The study’s significance lies in its methodological rigor (simultaneous multi‑scale testing on the same tissue, inverse FEM calibration, and fractional modeling) and its practical implications. A comprehensive, region‑specific viscoelastic model is essential for realistic neurosurgical simulators, finite‑element brain injury predictions, and computational studies of disease progression such as Alzheimer’s pathology.

Limitations include the ex‑vivo nature of the samples (tested within 8 h post‑mortem), potential dehydration despite DPBS immersion, and the use of cylindrical specimens that may not capture the full anisotropy of white‑matter tracts. Future work should extend the frequency range beyond 2 kHz, incorporate in‑vivo measurements, and explore anisotropic fractional models that account for fiber orientation.
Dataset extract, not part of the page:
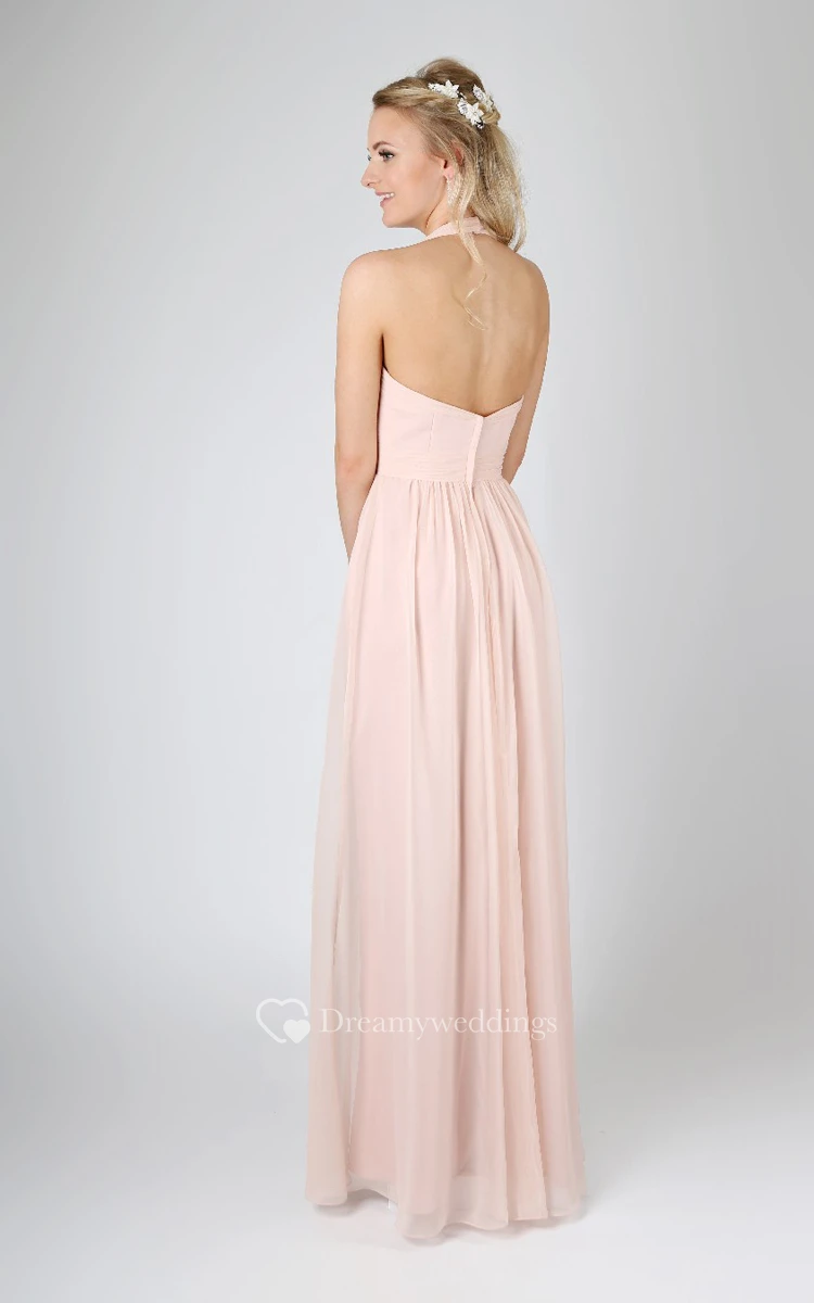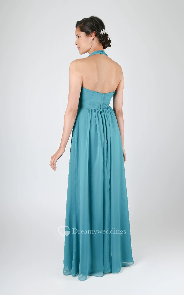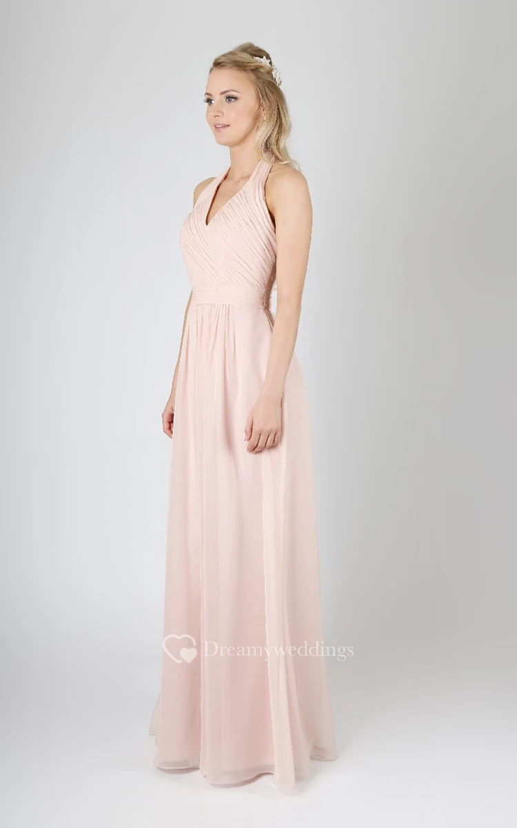 A-Line V-Neck Long Pleated Chiffon Classical Dress
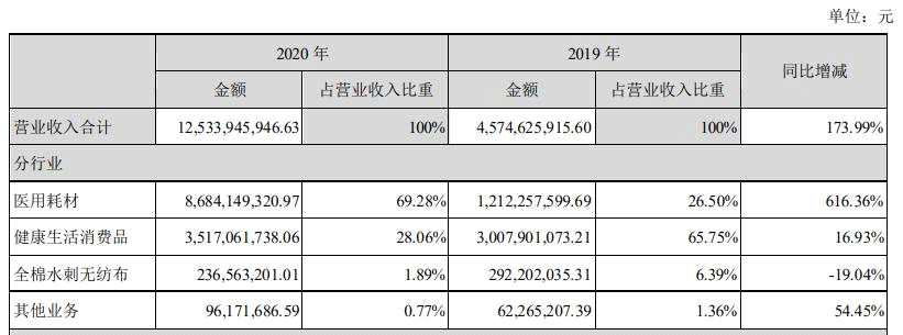 分行業(yè)來(lái)看,2020年,公司醫(yī)用耗材業(yè)務(wù)實(shí)現(xiàn)營(yíng)業(yè)收入86.84億元,同比增長(zhǎng)616.36%;健康生活消費(fèi)品業(yè)務(wù)實(shí)現(xiàn)銷(xiāo)售收入35.17億元,同比增長(zhǎng)16.93%,其中全棉時(shí)代銷(xiāo)售收入34.77億元,同比增長(zhǎng)15.80%;津梁生活銷(xiāo)售收入0.40億元;全棉水刺無(wú)紡布收入2.37億元,同比下降19.04%。

In conclusion, the paper demonstrates that combining quasi‑static large‑strain rheometry with high‑frequency tabletop MRE, followed by calibration of a fractional Kelvin‑Voigt model, yields a robust, unified description of brain tissue viscoelasticity across the entire biologically relevant frequency spectrum. This approach provides a valuable tool for both fundamental neuroscience research and clinical engineering applications.